Responding to Alerts
When an alert fires, you need to respond quickly. This guide shows you how to handle active alerts.
Getting an Alert
What You'll See
When an alert fires, you'll be notified through your configured channels:
If Email:
Subject: CRITICAL: Production API Down
Body: Your production API is not responding
Severity: Critical
Time: 2024-01-15 14:32:00 UTC
If Slack:
🚨 CRITICAL: Production API Down
Status: Firing
Resource: api.example.com
Click here to view details
If PagerDuty:
- You'll get paged immediately
- Incident automatically created
- Escalates if not acknowledged
Quick Response Workflow
1. Get Notification
↓
2. Open SRE Alerts page
↓
3. Click "Acknowledge"
↓
4. Investigate the issue
↓
5. Fix the problem
↓
6. Click "Resolve"
↓
7. Confirm everything is working
Step 1: Access the Alert
Via Notification Link
Most notifications include a direct link:
- Click the link
- Goes straight to the alert details
Via Dashboard
- Go to SRE → Alerts
- Look for the alert with Firing status (red badge)
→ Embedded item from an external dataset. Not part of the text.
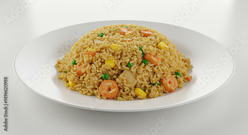 Delicious Shrimp and Vegetable Fried Rice on a White Plate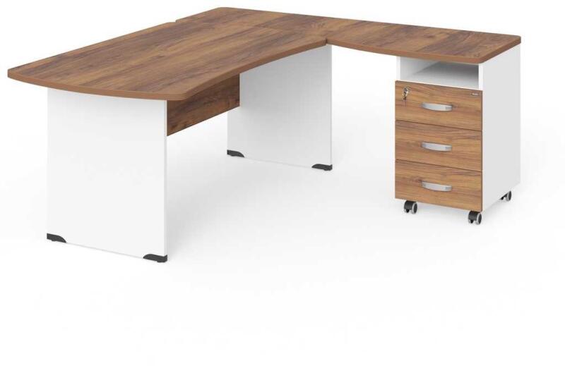 Hová fér el?A 180 x 160 cm-es Manager sarok munkahely különösen vezetői és vezetői irodákba ajánlott . Reprezentatív megjelenésének köszönhetően tökéletesen illeszkedik oda. Speciális sarokformájának köszönhetően bármilyen hely használatát lehetővé teszi. A Manager sorozat az elemek széles skáláját kínálja. Ennek köszönhetően optimálisan igazíthatja a bútor

- Usually at the top of the list
Find Specific Alert
Use filters to find your alert quickly:
Status: Firing (most urgent)
Severity: Critical (highest priority)
Step 2: Review Alert Details
When you open the alert, you'll see:
Alert Information:
- 🔔 Alert status (Firing/Acknowledged/Resolved)
- Alert title and description
- Resource affected
- Severity level
- When it fired (e.g., "5 minutes ago")
Example Alert:
Status: Firing 🔔
Title: High CPU Usage on Production API
Severity: Critical
Resource: prod-api-server-01
Fired: 3 minutes ago
Description: CPU usage exceeded 80% threshold
Current value: 87%
Step 3: Acknowledge the Alert
Why Acknowledge?
Tells your team:
- You've seen the alert
- You're investigating it
- Others don't need to also respond
How to Acknowledge
- Click the Acknowledge button
- Confirm in the popup dialog
- Alert status changes from "Firing" to "Acknowledged"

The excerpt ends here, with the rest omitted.